→ **Assignment**
Your job is to print, exactly, the lines in the data below from the line with "Enter the Date" through the line with "Podaljški trepalnic Swarovski", both included, and to omit any picture.

--- Raw data Enclosed Below ---

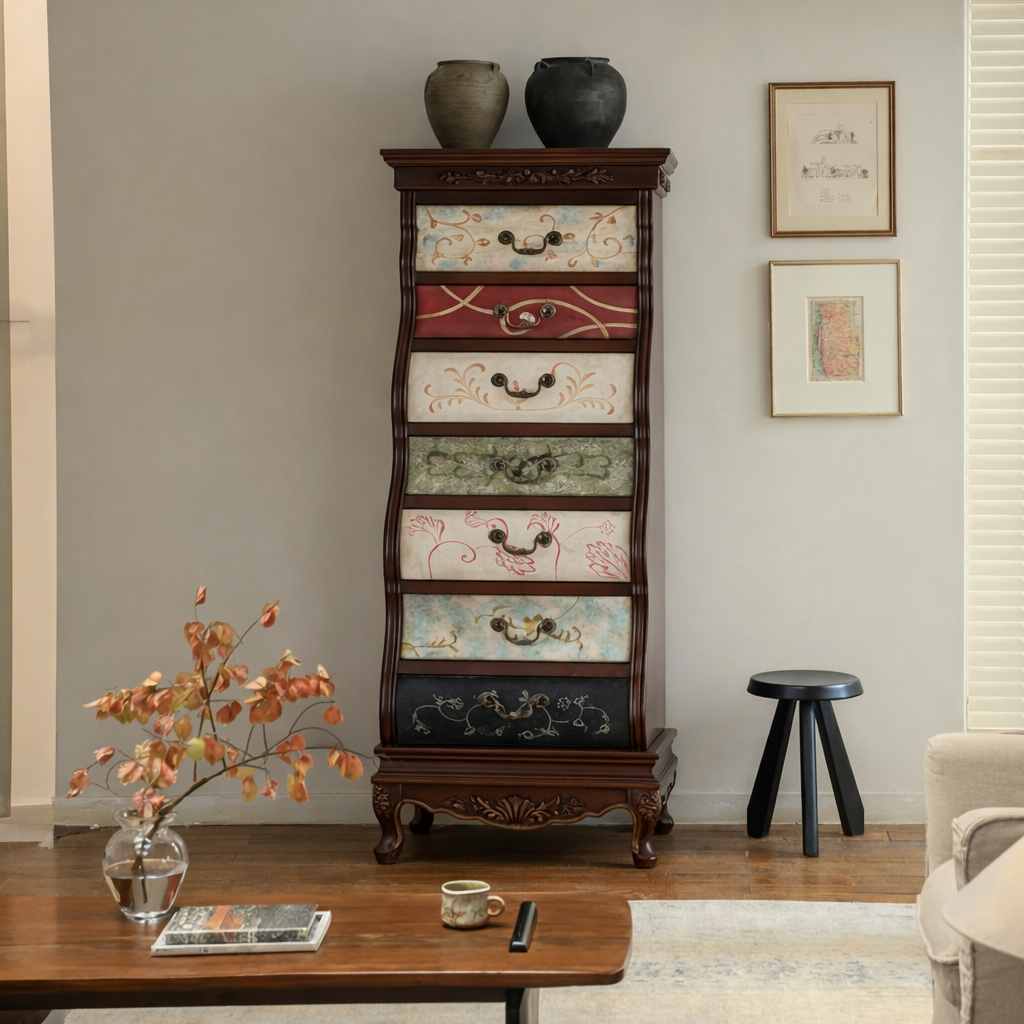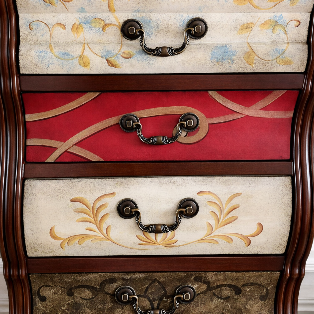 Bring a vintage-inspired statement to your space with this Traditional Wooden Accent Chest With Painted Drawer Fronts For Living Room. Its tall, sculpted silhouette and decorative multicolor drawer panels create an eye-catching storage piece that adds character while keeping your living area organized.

--- End of Enclosed Raw data ---
--- Raw data Enclosed Below ---

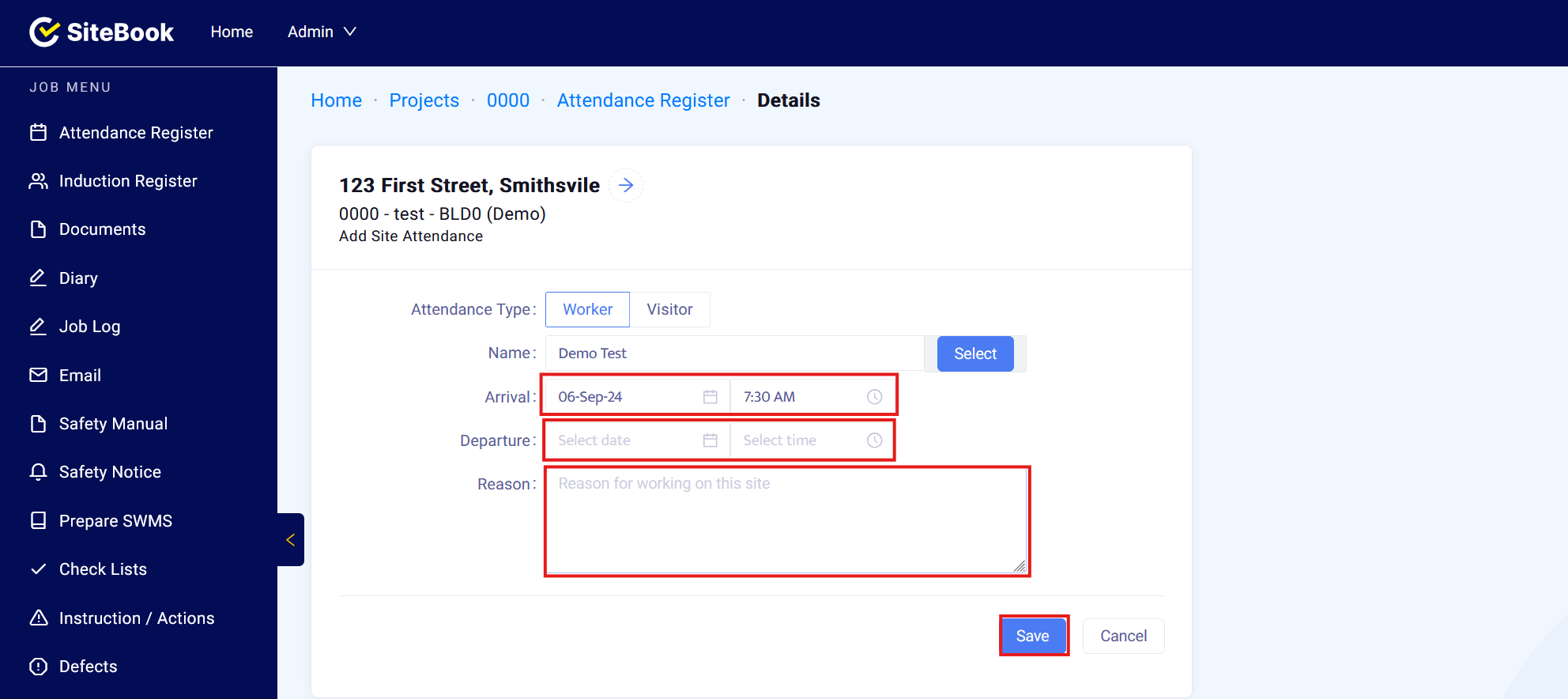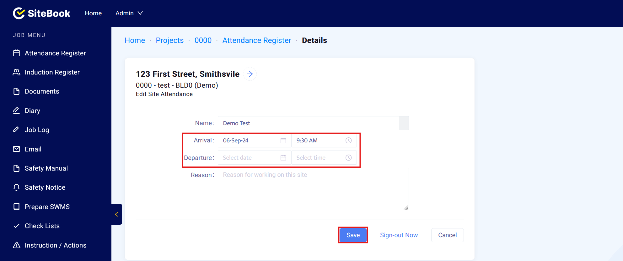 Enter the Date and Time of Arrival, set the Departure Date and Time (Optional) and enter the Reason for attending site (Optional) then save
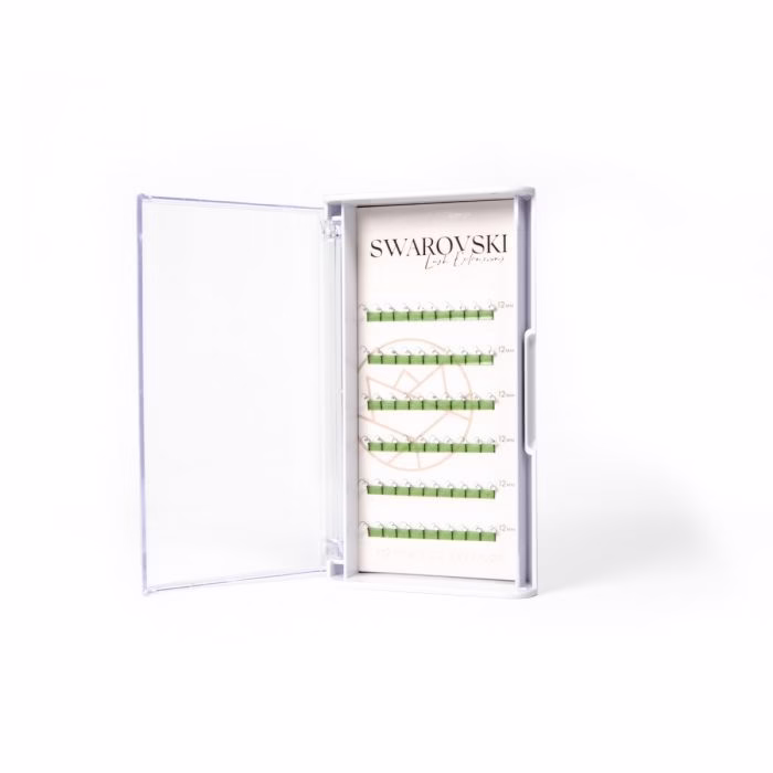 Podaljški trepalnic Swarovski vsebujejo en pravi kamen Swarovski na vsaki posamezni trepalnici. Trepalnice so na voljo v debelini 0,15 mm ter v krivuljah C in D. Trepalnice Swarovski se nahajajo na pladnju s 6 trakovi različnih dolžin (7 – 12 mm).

--- End of Enclosed Raw data ---
--- Raw data Enclosed Below ---

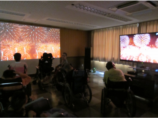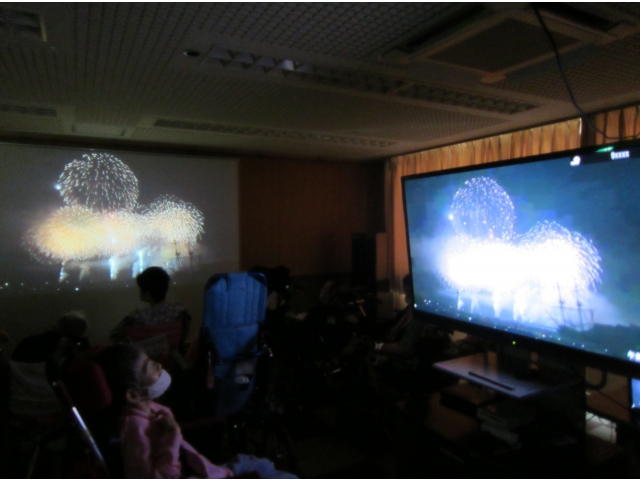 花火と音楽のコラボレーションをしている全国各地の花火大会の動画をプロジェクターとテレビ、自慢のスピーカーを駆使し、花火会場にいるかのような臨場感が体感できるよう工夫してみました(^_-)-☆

--- End of Enclosed Raw data ---

→ **Exercise solution**
 Enter the Date and Time of Arrival, set the Departure Date and Time (Optional) and enter the Reason for attending site (Optional) then save
 Podaljški trepalnic Swarovski vsebujejo en pravi kamen Swarovski na vsaki posamezni trepalnici. Trepalnice so na voljo v debelini 0,15 mm ter v krivuljah C in D. Trepalnice Swarovski se nahajajo na pladnju s 6 trakovi različnih dolžin (7 – 12 mm).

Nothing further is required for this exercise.